* **Assignment**
Copy out every line of the data exactly; do not include the images.

* **Information shown**
********

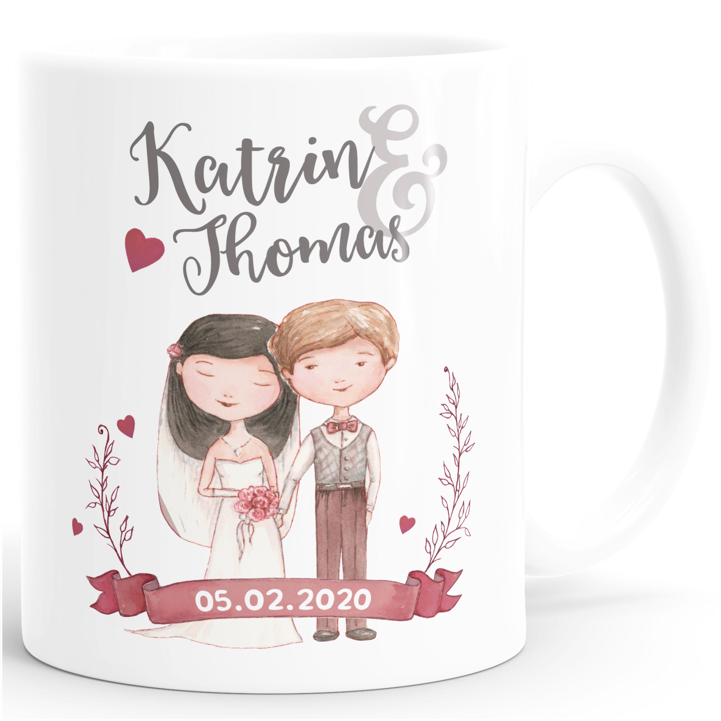 - Wenn zwei sich das Ja-Wort geben, ist das ein ganz besonderer Tag, voller Liebe und Glück. Und Hochzeitsgeschenke sollen zu diesem emotionalen Ereignis passen. Mit dieser personalisierbaren Kaffeetasse mit anpassbaren Namen und Datum bist du auf der sicheren Seite!
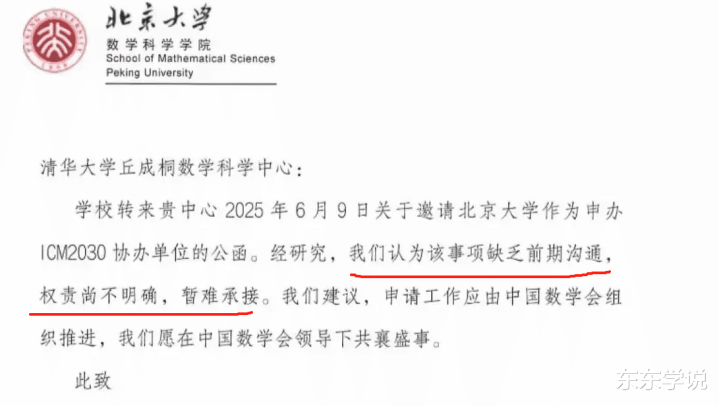从函件的内容看,北大拒绝的理由是事前缺乏有效沟通,且责权不明确。南大拒绝的理由与北大差不多,也是缺乏沟通,说建议由中国数学会牵头申办,他们会共享盛事!说明两校都不服由清华大学牵头申办或者举办!
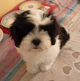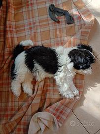 Cagnolina di taglia piccola a pelo lungo colore nero e bianco. Disponibile cucciola madre Maltese padre Shitzu età 80 giorni. Viene ceduta sverminata vaccinata con microchip e libretto veterinario. Se decidete di contattarmi è gradita una breve presentazione.

********

* **Solution**
 - Wenn zwei sich das Ja-Wort geben, ist das ein ganz besonderer Tag, voller Liebe und Glück. Und Hochzeitsgeschenke sollen zu diesem emotionalen Ereignis passen. Mit dieser personalisierbaren Kaffeetasse mit anpassbaren Namen und Datum bist du auf der sicheren Seite!
从函件的内容看,北大拒绝的理由是事前缺乏有效沟通,且责权不明确。南大拒绝的理由与北大差不多,也是缺乏沟通,说建议由中国数学会牵头申办,他们会共享盛事!说明两校都不服由清华大学牵头申办或者举办!
 Cagnolina di taglia piccola a pelo lungo colore nero e bianco. Disponibile cucciola madre Maltese padre Shitzu età 80 giorni. Viene ceduta sverminata vaccinata con microchip e libretto veterinario. Se decidete di contattarmi è gradita una breve presentazione.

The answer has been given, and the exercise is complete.